Annotating the AST enables us to take advantage of the hierarchy present in the tree. If you are searching for a specific annotation and the current AST node does not have it, recurse on the node's parent. This makes it easy to provide very detailed information or a less fine-grained summary. For example, in the following AST, rather than requiring source location annotations for each AssignmentExpression, Identifier, BinaryExpression, and Literal AST nodes, one could simply add the annotation to the AssignmentExpression node. Then, any queries for source location information on any of the other nodes would bubble up to the AssignmentExpression and yield its annotated source location information.

  operator: "="
  left: Identifier
    name: "answer"
  right: BinaryExpression
    operator: "*"
    left: Literal
      value: 6
    right: literal
      value: 7

Here are a few debugging annotations that should cover the requirements listed above:

  • sourceList: An array of sources that were compiled to create this JavaScript object code. This annotation would only be valid on the root AST node. A source would be either a URL pointing to a source file, or the inlined source text, display name, and content type.

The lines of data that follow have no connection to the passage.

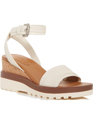 SEE BY CHLOE Женские кожаные сандалии на танкетке на танкетке цвета слоновой кости 1 на танкетке Robin, Цвет слоновой кости, SB26094
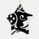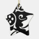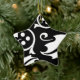 Star ornament is shown in black and white with a holly print.
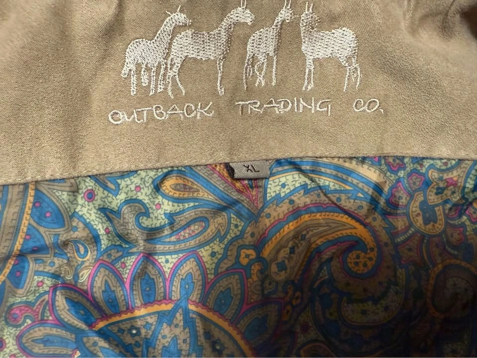 Outback Trading Co. Ladies microsuede grand prix vest. Quilted. Virtually brand new and in excellent condition. 4 pockets - 2 external, 2 internal. Adjustable at the side/back to cinch waist. Slightly longer in the back for a flattering fit. Sturdy zipper closure. Beautifully made with a stunning paisley print lining! Taupe colour - pictures where it is hanging up read much warmer than the colour truly is, please refer to other photos where it looks like a cooler taupe as that is the true colour See pictures for composition and measurements; tagged as XL Pick up near Queen St W & John St.
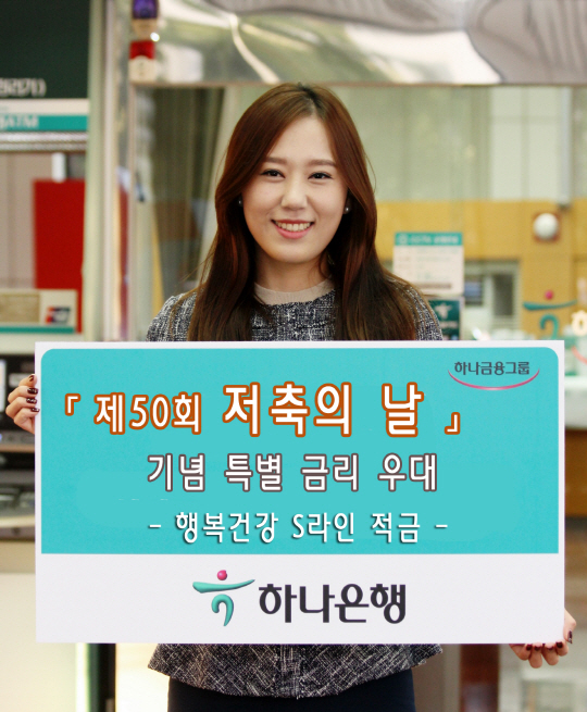 하나은행(은행장 김종준, www.hanabank.com)은 29일 제 50회 「저축의 날」을 기념하여 29일부터 11월 15일까지'하나 행복건강 S라인적금'가입 고객들에게 특별 우대금리를 제공한다고 밝혔다.

  • source: The source (as an index into the sourceList) from which this AST node was compiled.

  • line: The line number in the source file that corresponds to this AST node.

  • column: The column number in the source file that corresponds to this AST node.

  • getLocals: A JavaScript function (or URL pointing to a function) to get all local variables introduced by this AST node. You can walk up the tree to the root to create the lexical environment chain.

  • getDisplayValue: A JavaScript function (or URL pointing to a function) that given a source language value should return a JavaScript value for display and inspection in the debugger. For example, a ClojureScript Map's display value might be a JavaScript Object because JavaScript debuggers already know how to provide a reasonable view of Objects that would work fine for a ClojureScript Map even though it wouldn't be the best way to implement a ClojureScript Map.

  • eval: A JavaScript function (or URL pointing to a function) to eval arbitrary snippets of the source language. Would accept an optional parameter that dictated which frame the debugger is paused in, if any.

"Solving the problem once and for all" reduces to defining a compact binary encoding of JavaScript's AST that supports an arbitrary number of arbitrary debugging annotations on each node. The beauty of this approach is that as long as we take care that this format is future-extensible with new types of debugging annotations, we can resolve any future issues without needing to update the binary format. We just add new debugging annotations and keep the old annotations for legacy consumers until they die off. The only time the binary format changes is when a new version of the ECMAScript standard is released and defines new syntactic forms that the AST must incorporate.

The final affordance of having an extensible debugging format is that compilers which target JavaScript can progressively add more debugging information over time. Since specific annotations are optional, the compiler can simply skip those for which it can't provide information. When a later version of the compiler can provide that information, it can start adding those annotations.